Update March 18, 2012: CartThrob2 is now out of beta.

What about osCommerce and ZenCart?

Opensource, self-hosted, free.

osCommerce and ZenCart are opensource, free shopping carts that work with multilingual sites. However, they are clunky and sometimes buggy. I personally find them to be less functional than other solutions. But more importantly, they require registration for purchases, which makes them poor choices in terms of ROI.

Update March 18, 2012: As mentioned in the comments, there are plugins that allow purchases without registration, however, these have not been recently updated.



Opensource, self-hosted, free.

Someone on twitter just suggested PrestaShop either alone or integrated into WordPress with the WP PrestaShop plugin. However, this solution, while much nicer than osCommerce or ZenCart still requires registration for purchases, which is not ideal.

Update (March 18, 2012): After a bit of quick testing, I’ve discovered that a module can be added that allows purchasing without registration. I’ve found Prestacart to be a little buggy, even before any customization. Note that this cart will not show compound taxes on two separate lines on invoices, as required by Canadian law.

Mal’s Ecommerce

Commercial, hosted, free or $8/month.

In the comments, Kathryn suggested using Mal’s Ecommerce. This is a hosted service that can be integrated into a large number of systems to provide a limited-feature cart. WordPress and ExpressionEngine will both work well with this cart and integration is very easy. Simpler CMSs, like Perch or Frog CMS could also be used. Many people use the free version. The premium version costs $8 per month and allows additional shipping features and spreadsheet downloads for the administrator. You are allowed to process 30 orders per day with the free version and 150 with the paid version. The cart can be multilingual, but customized messages and automated emails only have one text field, so you’ll need to fit both languages into the available space. I’ve also found it can be tricky to get Google Analytics to track sales through the purchase flow, which can limit your ability to track conversions. Note that this cart will not show compound taxes on two separate lines on invoices, as required by Canadian law.

Not in the running

The following popular products do not provide multilingual functionality: Shopify, Interspire, Volusion.

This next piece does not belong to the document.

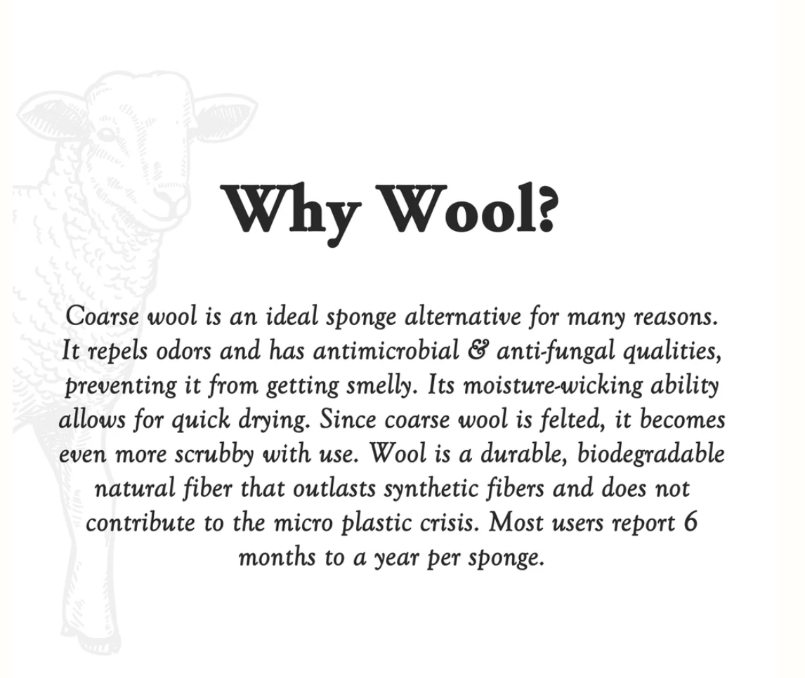 Por qué lana | La lana gruesa es una alternativa ideal a las esponjas por muchas razones. Repele los olores y tiene propiedades antimicrobianas y antifúngicas, lo que evita que se vuelva maloliente. Su capacidad para absorber la humedad permite un secado rápido. La lana es una fibra natural duradera y biodegradable que dura más que las fibras sintéticas y no contribuye a la crisis de los microplásticos. La mayoría de los usuarios informan que cada esponja dura entre 6 meses y un año.

So have you tried any of these? Did I miss anything? Let me know in the comments.

Published by Shannon

I’m the founder of Café Noir Design Inc., a boutique Montreal web design company specializing in bilingual or multilingual web design. This is my blog where I talk about making the web a better place. I support things like making the web accessible for everyone, using open source software, helping organizations find greener more sustainable ways to operate through online technology and helping non-profits with online community organizing. I also talk about women and tech.

5 replies on “Bilingual eCommerce… what are your options?”

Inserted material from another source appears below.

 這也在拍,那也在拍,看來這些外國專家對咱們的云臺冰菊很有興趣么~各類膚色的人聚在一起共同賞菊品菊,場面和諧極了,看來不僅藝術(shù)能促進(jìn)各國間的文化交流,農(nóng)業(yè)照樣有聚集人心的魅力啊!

    1. Yes, but this module hasn’t been maintained since 2008. osCommerce has a similar module, Purchase Without Account, that was last updated in 2010. However, it seems to me that this kind of basic functionality should be built right into the base product.

  1. I’m using CartThrob2 with EE2 this month for an ecommerce site. We also looked at newcomer for the cart, but ultimately chose the more familiar CartThrob, even though it’s still in beta. BrilliantRetail say they are working on adding multilingual, but no sign of it yet.

  2. If you don’t have a huge number of products, one reasonable multi-lingual option is Mal’s Ecommerce. By setting one tiny variable in the product button code, you can switch the system into one of many available languages. I use it in English and French on one client’s site and it works quite well – the checkout process is totally in the chosen language and there’s no need to create an account. The email notifications are bilingual. The only issue is that the French option is France French – no Canadian French option… yet.